Each animal at Fawn Hills has a name and a story. From Wilbur the donkey who was rescued from neglect to Emma the filly who was found starving in a paddock littered with debris, to Maybelle the potbelly pig rescued from a hoarding situation. Similar to the students she worked with in the past, Carnahan doesn’t want their painful pasts to define them.

“They’re all so different, they each have their own personalities. Emma is a squirrely, goofy, curious, brave, confident, challenge, that’s just who she is. And Wilbur is just sort of a goofy, laid-back kind of dude.”

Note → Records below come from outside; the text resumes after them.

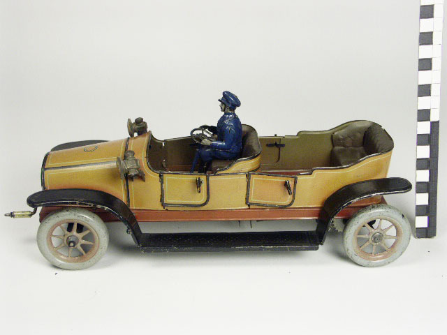 bedrukt blik; auto met open cabine en carrosserie in de kleuren rood-zwart-donkerrood; motorkap en carrosserie in rood-zwart en gele bies; doorlopende spatborden en treeplanken zwart; bestuurder met pet in blauw en zwart; 2 koplampen in rood en zwart, rechts en links van de cabine; 2 voor- en 2 achterdeurtjes kunnen worden geopend; de vooras verstelbaar ...
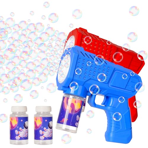 Set med 2 stycken tvålbubbelpistoler, barn tvålbubbelmaskin, automatisk tvålbubblor bubblor bubbelmaskin, tvålbubblor maskin för barn skjutleksak sommar temafest (blå + röd)
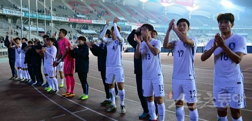 28일 경기도 고양종합운동장에서 열린 신태용 감독이 이끄는 U-23 올림픽 축구대표팀과 알제리 대표팀의 2차 평가전에서 대한민국이 3-0 완승을 거뒀다. 경기 후 대표팀 선수들이 붉은악마에게 인사를 하고 있다.
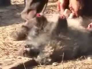 Эту лису подготавливают к убийству посредством пропускания электрического тока через анальное отверстие.
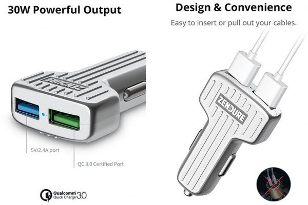 Zendure Quick Charge Dual USB Car Charger Silver Color
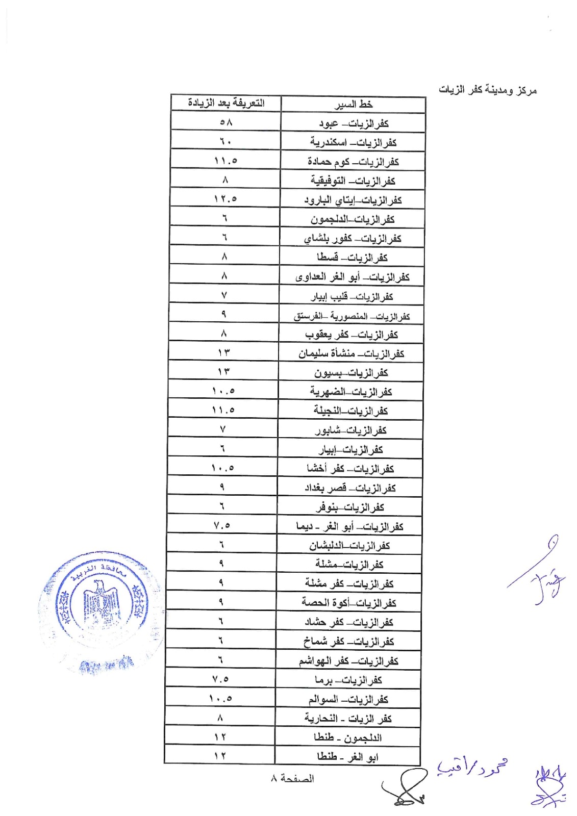 أصدر اللواء الدكتور علاء عبدالمعطي محافظ الغربية قرارًا بتعديل تعريفة الركوب لوسائل المواصلات على جميع الخطوط الداخلية بين مراكز ومدن المحافظة، وكذلك الخطوط الخارجية التي تربط الغربية بالمحافظات الأخرى، بالإضافة إلى خطوط النقل الداخلي، وذلك بما يتناسب مع الزيادة الجديدة في أسعار المنتجات البترولية، وفق الجداول المرفقة بالتعريفة المعتمدة.

Visitors to Fawn Hills, whether volunteers, like Kraft or Spurgin, or youth groups are all able to find an animal that they connect with, and therefore experience some of the therapeutic benefits of spending time with animals.

One of Carnahan’s most memorable moments was when a program for students with disabilities visited the sanctuary. One of the students was blind. The horses were standing next to the fence, and the student went over to feed one of the horses a carrot. As the student reached over the fence, one of the horses went over to investigate and blew in the student’s face. “And he just lit up,” said Carnahan. “He just sort of had this giddy moment of joy.”

Whether it’s creating small moments of joy or providing a safe space for people and animals to connect, Carnahan hopes that the sanctuary’s impact creates a ripple effect felt by the greater community.

“I don't think we're going to create world peace because we have horses grazing in a pasture, but I think helping people be more connected with each other and be more peaceful is powerful. Just recognizing that we're in a community with each other and animals are part of that community.”